Required action → Transcribe the entries below word for word, beginning at the line with "Guarda Roupa Solteiro" and stopping after the line with "仰望汽车正式官宣,2026款"; drop all pictures.

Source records
= Beginning of Section =

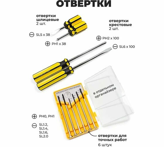 | Головки торцевые подробно | 1/4" 25 мм: 4, 4.5, 5, 5.5, 6, 7, 8, 9, 10, 11, 12, 13, 14 мм; 1/4" со вставками: PZ1, PZ2, PZ3, РН1, РН2, РН3, SL4, SL5.5, SL7, T10, T15, T20, T25, T30, Т40, H3, H4, H5, H6, H7, H8; удлинители 50, 100 мм; рукоятка 150 мм; вороток 115 мм; гибкий удлинитель 145 мм; адаптер-переходник 1/4(F)"-1/4"(F) 30 мм |
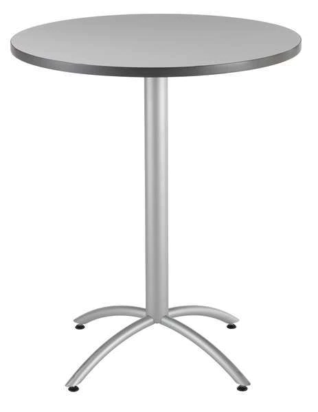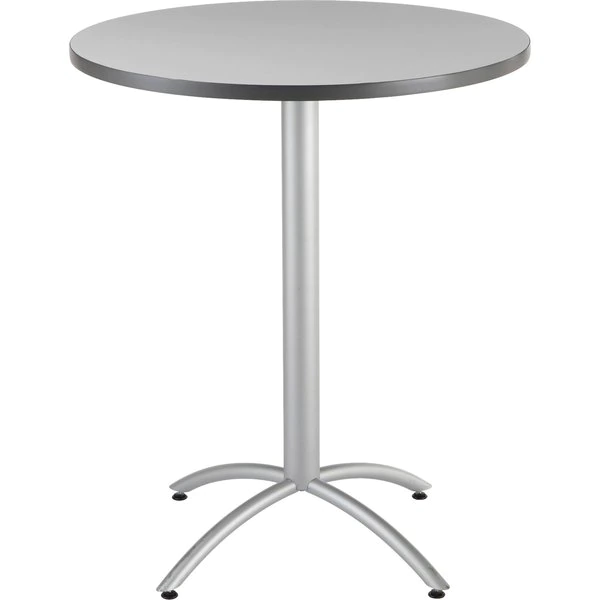 Bistro Table, Surface Material Laminated Melamine, Shape Round, Diameter 36 in, Height 42 in, Tabletop Color Family Gray, Tabletop Color Gray, Frame Color Silver, Assembled/Unassembled Unassembled, Frame Material Steel, Edge Type T-Molded, Edge Color Gray, Base Type (4) Legs Attached to Pedestal, Leg Type Arched, Top Thickness 1 1/8 in, Load Rating 250 lb, Series CafeWorks, Includes (4) Leveling Glides
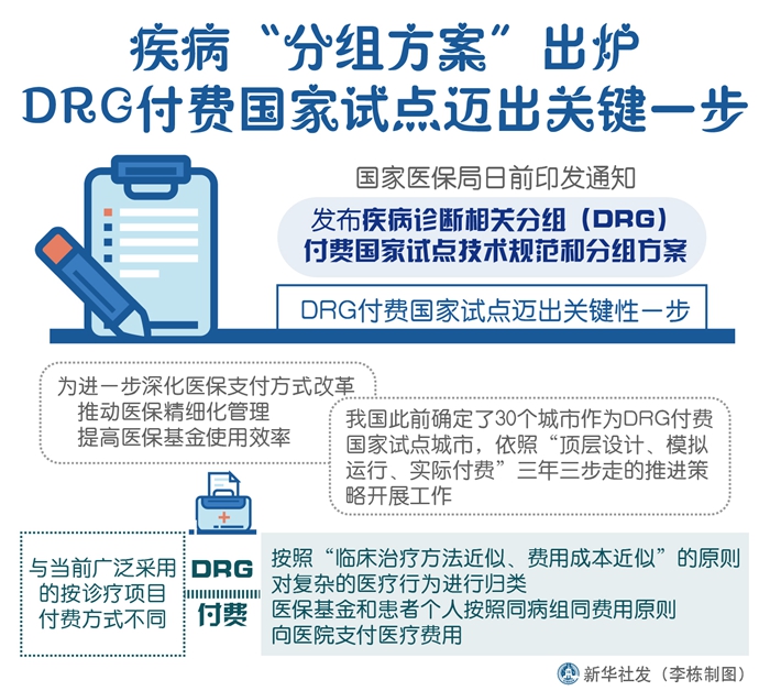 新華社北京10月24日電(記者張泉)國(guó)家醫(yī)保局日前印發(fā)通知,發(fā)布疾病診斷相關(guān)分組(DRG)付費(fèi)國(guó)家試點(diǎn)技術(shù)規(guī)范和分組方案,DRG付費(fèi)國(guó)家試點(diǎn)邁出關(guān)鍵性一步。
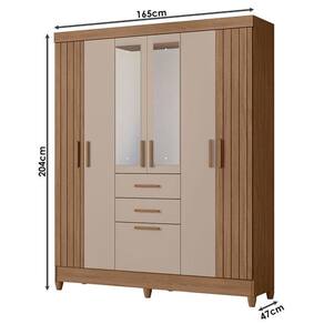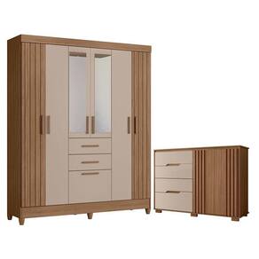 Guarda Roupa Solteiro Malta com Espelho e Cômoda Texas Carvalho Fendi Moval
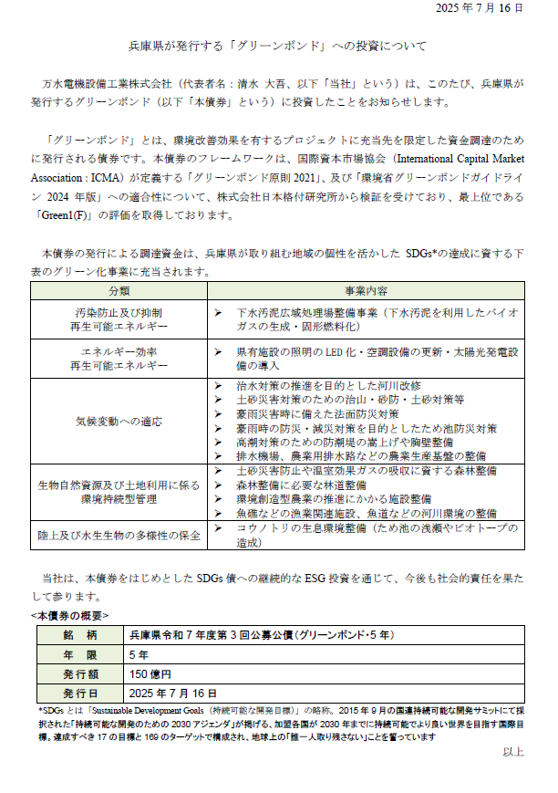 兵庫県が発行する「グリーンボンド」へ投資したことをお知らせします
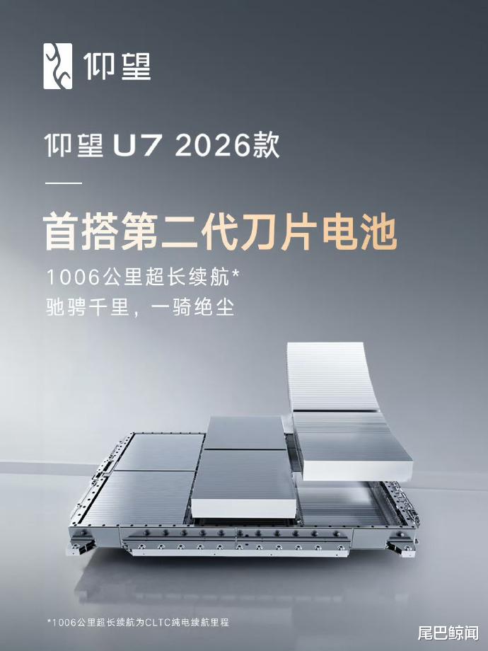 仰望汽车正式官宣,2026款仰望U7将首发搭载比亚迪第二代刀片电池,实现1006公里CLTC超长续航。
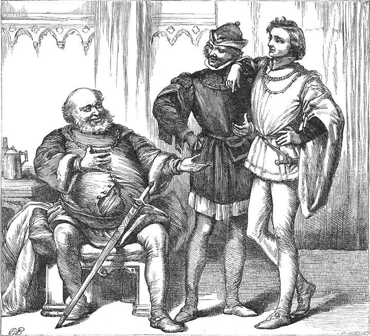 Фальстаф искренне любит Генриха, а вот отношение принца к простоватому немолодому дружку не столь однозначно. Он подшучивает над Фальстафом довольно язвительно, а порой и зло. Нельзя сказать, однако, что Фальстаф этого не замечает. Очень даже замечает, но на любимого друга не сердится. «Вечно у тебя на языке всякие ядовитые сравнения! Ей-богу, ты самый изобретательный, канальский, расчудесный принц на свете!» – говорит он в ответ на очередную шутку Генриха.
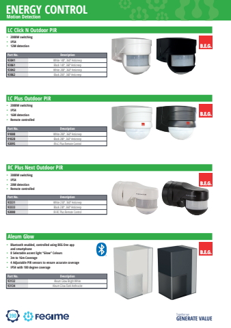 390ENERGY CONTROLTogether we GENERATE VALUEMotion DetectionLC Plus Outdoor PIR%u2022 2000W switching%u2022 IP54%u2022 16M detection %u2022 Remote controlledPart No. Description91008 White 280o, 360o Anticreep91028 Black 280o, 360o Anticreep92095 IR-LC Plus Remote ControlLC Click N Outdoor PIR%u2022 2000W switching%u2022 IP54%u2022 12M detectionPart No. Description93041 White 140o, 360o Anticreep93061 Black 140o, 360o Anticreep93042 White 200o, 360o Anticreep93062 Black 200o, 360o AnticreepRC Plus Next Outdoor PIRAleum Glow%u2022 3000W switching%u2022 IP54%u2022 20M detection%u2022 Remote controlled%u2022 Bluetooth enabled, controlled using BEG One app and smartphone%u2022 8 Selectable accent light %u201cGlow%u201d Colours%u2022 3m to 16m Coverage%u2022 4 Adjustable PIR sensors to ensure accurate coverage%u2022 IP54 with 180 degree coveragePart No. Description93331 White 230o, 360o Anticreep93333 Black 230o, 360o Anticreep92000 IR-RC Plus Remote ControlPart No. Description93132 Aleum Glow Bright White 93134 Aleum Glow Dark Anthracite
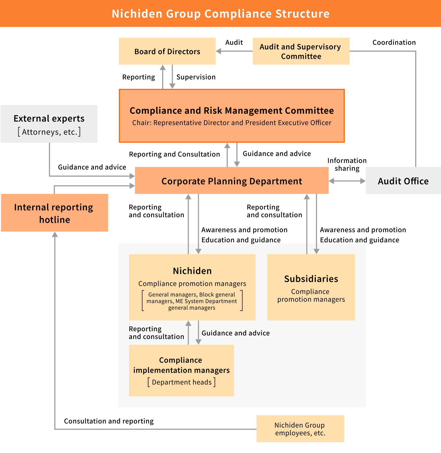 To strengthen compliance across the Group, the Nichiden Group has established a Compliance and Risk Management Committee chaired by the Representative Director and President Executive Officer. The Committee monitors compliance across the entire Group. The Board of Directors receives regular reports on matters reviewed by the Compliance and Risk Management Committee and oversees the compliance and risk management framework, verifying and evaluating its appropriateness and effectiveness. In the event of unforeseen contingencies, the Committee takes timely action in accordance with internal rules to minimize damage.

= End of Section =

Task response →
 Guarda Roupa Solteiro Malta com Espelho e Cômoda Texas Carvalho Fendi Moval
 兵庫県が発行する「グリーンボンド」へ投資したことをお知らせします
 仰望汽车正式官宣,2026款仰望U7将首发搭载比亚迪第二代刀片电池,实现1006公里CLTC超长续航。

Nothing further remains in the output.